Segment Start: Supplied material
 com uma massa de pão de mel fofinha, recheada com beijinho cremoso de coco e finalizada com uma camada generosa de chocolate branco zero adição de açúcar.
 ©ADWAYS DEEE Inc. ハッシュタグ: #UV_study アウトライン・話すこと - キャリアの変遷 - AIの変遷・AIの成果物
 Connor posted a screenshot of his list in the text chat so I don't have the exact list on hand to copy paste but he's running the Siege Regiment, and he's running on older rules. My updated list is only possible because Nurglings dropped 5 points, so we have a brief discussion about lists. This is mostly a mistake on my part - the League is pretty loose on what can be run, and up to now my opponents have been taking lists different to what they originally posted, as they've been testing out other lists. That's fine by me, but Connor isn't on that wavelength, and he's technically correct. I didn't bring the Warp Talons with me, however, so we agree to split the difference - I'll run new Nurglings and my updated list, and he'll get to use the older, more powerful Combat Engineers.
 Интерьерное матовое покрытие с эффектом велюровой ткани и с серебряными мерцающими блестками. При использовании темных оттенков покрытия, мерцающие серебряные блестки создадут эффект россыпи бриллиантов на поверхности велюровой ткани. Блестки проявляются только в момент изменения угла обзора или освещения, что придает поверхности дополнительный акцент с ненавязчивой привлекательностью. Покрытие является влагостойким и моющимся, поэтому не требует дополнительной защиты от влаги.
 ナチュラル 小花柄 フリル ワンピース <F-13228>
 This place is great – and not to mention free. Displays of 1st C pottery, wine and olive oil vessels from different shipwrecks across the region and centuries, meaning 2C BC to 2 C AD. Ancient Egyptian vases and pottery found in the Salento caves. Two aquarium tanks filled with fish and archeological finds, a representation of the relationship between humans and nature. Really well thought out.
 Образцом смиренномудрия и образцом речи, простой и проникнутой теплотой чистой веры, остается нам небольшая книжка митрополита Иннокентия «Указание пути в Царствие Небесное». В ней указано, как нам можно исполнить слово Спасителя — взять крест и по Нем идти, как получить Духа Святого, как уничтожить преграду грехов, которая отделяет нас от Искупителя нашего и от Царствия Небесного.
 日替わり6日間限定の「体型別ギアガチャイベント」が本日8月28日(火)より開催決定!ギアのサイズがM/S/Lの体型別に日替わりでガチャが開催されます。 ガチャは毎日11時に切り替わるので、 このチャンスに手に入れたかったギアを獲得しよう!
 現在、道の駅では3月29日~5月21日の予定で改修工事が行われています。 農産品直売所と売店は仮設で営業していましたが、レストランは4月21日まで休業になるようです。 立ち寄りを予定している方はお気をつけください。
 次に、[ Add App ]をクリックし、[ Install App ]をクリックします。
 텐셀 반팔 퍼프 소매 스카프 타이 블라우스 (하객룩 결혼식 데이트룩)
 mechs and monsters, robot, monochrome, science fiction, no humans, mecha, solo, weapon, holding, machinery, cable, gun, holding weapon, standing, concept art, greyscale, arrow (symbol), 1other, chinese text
Segment End: Supplied material
Print every line of the listing shown above, exactly.

 com uma massa de pão de mel fofinha, recheada com beijinho cremoso de coco e finalizada com uma camada generosa de chocolate branco zero adição de açúcar.
 ©ADWAYS DEEE Inc. ハッシュタグ: #UV_study アウトライン・話すこと - キャリアの変遷 - AIの変遷・AIの成果物
 Connor posted a screenshot of his list in the text chat so I don't have the exact list on hand to copy paste but he's running the Siege Regiment, and he's running on older rules. My updated list is only possible because Nurglings dropped 5 points, so we have a brief discussion about lists. This is mostly a mistake on my part - the League is pretty loose on what can be run, and up to now my opponents have been taking lists different to what they originally posted, as they've been testing out other lists. That's fine by me, but Connor isn't on that wavelength, and he's technically correct. I didn't bring the Warp Talons with me, however, so we agree to split the difference - I'll run new Nurglings and my updated list, and he'll get to use the older, more powerful Combat Engineers.
 Интерьерное матовое покрытие с эффектом велюровой ткани и с серебряными мерцающими блестками. При использовании темных оттенков покрытия, мерцающие серебряные блестки создадут эффект россыпи бриллиантов на поверхности велюровой ткани. Блестки проявляются только в момент изменения угла обзора или освещения, что придает поверхности дополнительный акцент с ненавязчивой привлекательностью. Покрытие является влагостойким и моющимся, поэтому не требует дополнительной защиты от влаги.
 ナチュラル 小花柄 フリル ワンピース <F-13228>
 This place is great – and not to mention free. Displays of 1st C pottery, wine and olive oil vessels from different shipwrecks across the region and centuries, meaning 2C BC to 2 C AD. Ancient Egyptian vases and pottery found in the Salento caves. Two aquarium tanks filled with fish and archeological finds, a representation of the relationship between humans and nature. Really well thought out.
 Образцом смиренномудрия и образцом речи, простой и проникнутой теплотой чистой веры, остается нам небольшая книжка митрополита Иннокентия «Указание пути в Царствие Небесное». В ней указано, как нам можно исполнить слово Спасителя — взять крест и по Нем идти, как получить Духа Святого, как уничтожить преграду грехов, которая отделяет нас от Искупителя нашего и от Царствия Небесного.
 日替わり6日間限定の「体型別ギアガチャイベント」が本日8月28日(火)より開催決定!ギアのサイズがM/S/Lの体型別に日替わりでガチャが開催されます。 ガチャは毎日11時に切り替わるので、 このチャンスに手に入れたかったギアを獲得しよう!
 現在、道の駅では3月29日~5月21日の予定で改修工事が行われています。 農産品直売所と売店は仮設で営業していましたが、レストランは4月21日まで休業になるようです。 立ち寄りを予定している方はお気をつけください。
 次に、[ Add App ]をクリックし、[ Install App ]をクリックします。
 텐셀 반팔 퍼프 소매 스카프 타이 블라우스 (하객룩 결혼식 데이트룩)
 mechs and monsters, robot, monochrome, science fiction, no humans, mecha, solo, weapon, holding, machinery, cable, gun, holding weapon, standing, concept art, greyscale, arrow (symbol), 1other, chinese text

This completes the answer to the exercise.